Some of the most popular boosting techniques include:

  • AdaBoost (Adaptive Boosting)

  • Gradient Boosting

  • XGBoost (Extreme Gradient Boosting)

Feature Types

There are four main feature types recognized by Sensible ML. Feature types are largely categorized by how they are created or gathered.

Source Feature: A data column in the source data set that enters Sensible Machine Learning. Specify source features in the Data Features page of Sensible Machine Learning.

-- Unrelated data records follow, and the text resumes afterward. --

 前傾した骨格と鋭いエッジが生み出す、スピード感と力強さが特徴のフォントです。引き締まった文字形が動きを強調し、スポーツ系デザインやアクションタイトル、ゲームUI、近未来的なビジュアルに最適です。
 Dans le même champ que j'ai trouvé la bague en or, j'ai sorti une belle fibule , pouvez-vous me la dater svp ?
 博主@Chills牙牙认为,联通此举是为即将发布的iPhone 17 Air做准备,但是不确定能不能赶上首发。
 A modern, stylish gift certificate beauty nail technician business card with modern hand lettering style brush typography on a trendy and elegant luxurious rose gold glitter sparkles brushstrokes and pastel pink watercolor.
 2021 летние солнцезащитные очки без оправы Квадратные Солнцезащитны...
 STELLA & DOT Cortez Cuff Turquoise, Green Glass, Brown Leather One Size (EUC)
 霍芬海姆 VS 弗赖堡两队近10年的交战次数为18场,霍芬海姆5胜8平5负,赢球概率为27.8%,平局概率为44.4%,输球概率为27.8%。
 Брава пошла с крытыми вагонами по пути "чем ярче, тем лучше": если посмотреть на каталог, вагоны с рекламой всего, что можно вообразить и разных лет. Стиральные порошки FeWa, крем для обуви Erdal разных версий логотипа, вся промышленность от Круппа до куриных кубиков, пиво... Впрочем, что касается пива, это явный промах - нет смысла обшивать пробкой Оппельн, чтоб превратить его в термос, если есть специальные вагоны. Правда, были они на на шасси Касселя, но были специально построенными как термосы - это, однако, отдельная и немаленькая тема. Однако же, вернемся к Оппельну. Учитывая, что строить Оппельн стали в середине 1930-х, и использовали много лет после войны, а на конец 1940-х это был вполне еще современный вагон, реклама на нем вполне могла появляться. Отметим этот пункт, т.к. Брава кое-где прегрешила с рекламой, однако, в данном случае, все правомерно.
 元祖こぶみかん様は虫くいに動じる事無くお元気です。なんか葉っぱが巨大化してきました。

You can create additional features if you have already collected features outside of Sensible Machine Learning and you know these features help the modeling process. However, creating additional features in Sensible Machine Learning is not necessary and not heavily used since so much of Sensible Machine Learning is geared towards generating external features, event features, and engineered features for you. Source features are largely considered a Data Science function of Sensible Machine Learning.

External Feature: A data column that is grafted onto the source data and not originally included in the source data. External features are largely found through external data APIs such as weather or macro-economic data. The most common ways to graft an external feature to the source data is by leveraging the Location capability in Sensible Machine Learning that fetches features such as weather data.

Currently only weather external features are supported and is limited to a forecast range less than 15 days.

Event Feature: A special subset of an external feature generated using the Event Builder in Sensible Machine Learning. An event feature is always a binary categorical data column generated from the events included in the Sensible Machine Learning Model Build phase.

Event Features have a profound positive effect on model performance.

Engineered Feature: A data column built by augmenting and transforming existing columns in the source data as well as other previously engineered features. Examples of this transformation process include cleaning missing values, lagging, moving averages, time breakdowns, and scaling values in an existing feature to create new engineered features.

Typically, a huge part of a data scientist's time goes toward manufacturing engineered features to improve overall model performance. Sensible Machine Learning creates engineered features by autonomously running statistical column transformations against each column in the source data set. This genetic algorithm style creation of engineered features leads to creating thousands of unique engineered features that Sensible Machine Learning can choose from and leverage in the modeling process.

Model Types

Univariate (statistical) models: A model that does not accept external variables to make predictions. Univariate models are used when there are not many data patterns to learn from, such as with one or two seasons.

Multivariate (machine learning) model: A model that leverages external variables in its predictions. These models are used when there are many data patterns to learn from, such as multiple seasons, anomalies, and a trend.

Multi-series model: A type of multivariate model that is trained to make predictions on a group of targets. A multi-series model requires data to be pivoted in a special long-form data format.

Single series model: A model that is trained to make predictions on a single target. A single series model can be a multivariate model or univariate model.

Baseline model: A type of naïve model that emulates what traditional forecasting methodologies may look like. A baseline model acts as an initial comparison benchmark for more intelligent models.